Where the Gears Show
For all its strengths, the book occasionally lets its thriller mechanics override its character logic. There are moments where Billy survives situations that should kill him through timing so convenient it nudges past suspension of disbelief - a witness who shows up at exactly the right moment, a crucial piece of evidence discovered just as all seems lost. Patterson's pacing demands constant escalation, and sometimes that means the plot pushes characters into positions that serve the story's momentum more than they serve realistic behavior. A couple of the secondary antagonists - the mid-level operatives protecting the black book - feel more like obstacles to be cleared than people with their own motivations, and the conspiracy's final reveal, while satisfying, requires buying into a level of coordinated cover-up that tests credibility.
The romance elements also sit a bit uneasily in the story. Billy's fragmented memories of his relationship with Kate are meant to deepen the emotional stakes of her death, but they sometimes feel like they're competing with the investigation rather than enhancing it. And a developing attraction with another character occasionally slows the momentum in a book that otherwise moves at breakneck speed.

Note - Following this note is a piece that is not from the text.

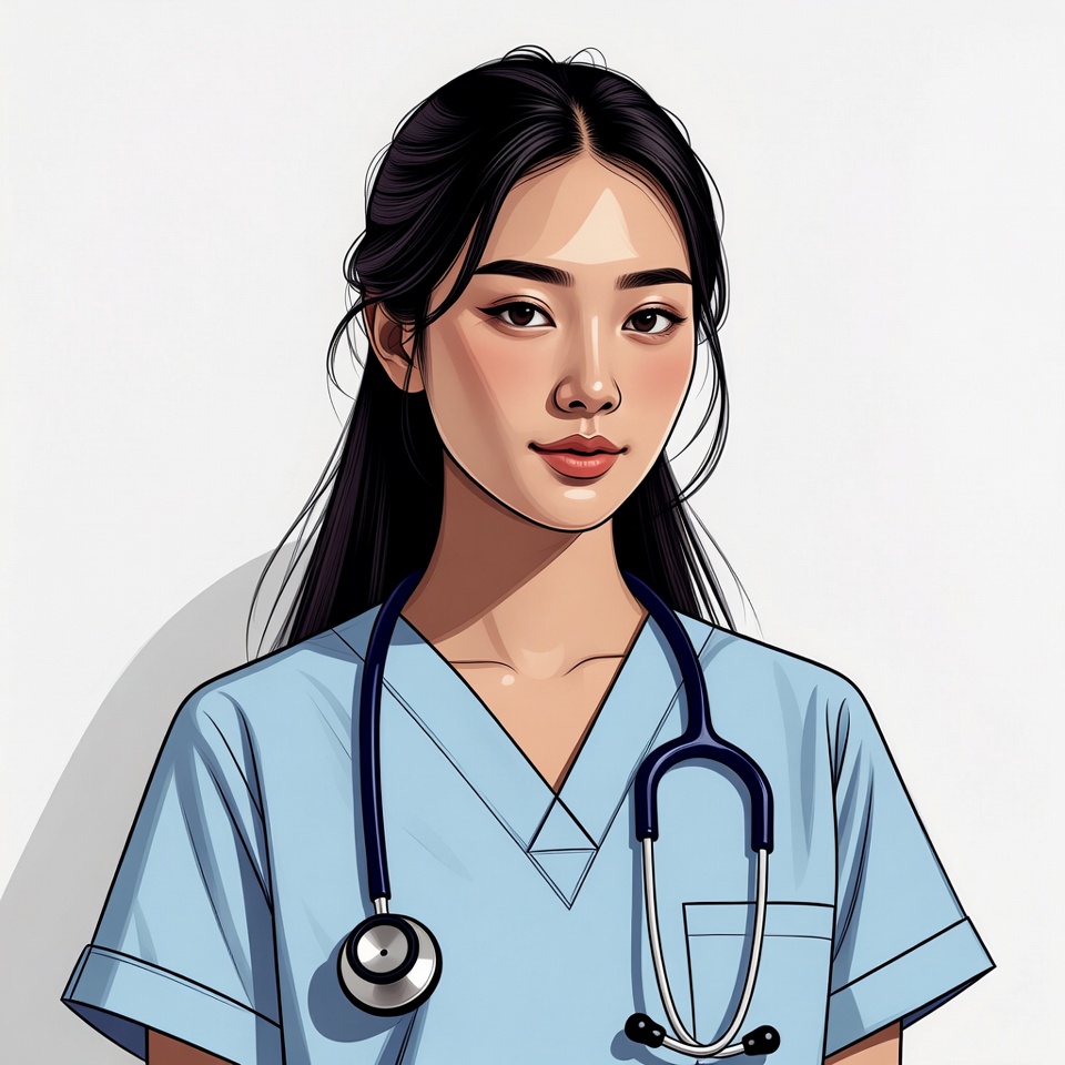 Asian, black hair, blue scrubs, cartoon nurse, digital art, doctor uniform, female, female nurse, healthcare worker, hospital staff, illustration, isolated background, long hair, medical professional, medical uniform, ponytail, portrait, pretty woman, professional, smiling, stethoscope, vector art, woman, young woman, nurse

But here's the thing: these are the kinds of flaws you notice after you've finished the book and are thinking back over the plot. In the moment, Patterson and Ellis keep you turning pages too fast to question the seams. The central mystery is genuinely compelling, the memory-loss device works better than it has any right to, and the Chicago corruption angle gives the story a weight and relevance that straight conspiracy thrillers often lack. Billy Harney is a protagonist worth following - flawed enough to be interesting, honest enough to root for, and uncertain enough about his own actions to keep you guessing about whether he deserves your sympathy. For a Patterson collaboration, this is exceptional work, and Ellis deserves significant credit for bringing the character depth and procedural authenticity that make it more than just a page-turner.
Rating: 4.5/5 ⭐
Perfect for: Fans of police procedurals and legal thrillers, readers who enjoy unreliable narrators and institutional corruption stories, anyone looking for a fast-paced mystery with more character depth than the typical Patterson novel.
Skip if: You need airtight plotting without any convenient coincidences, or you prefer thrillers that slow down for more introspective character work.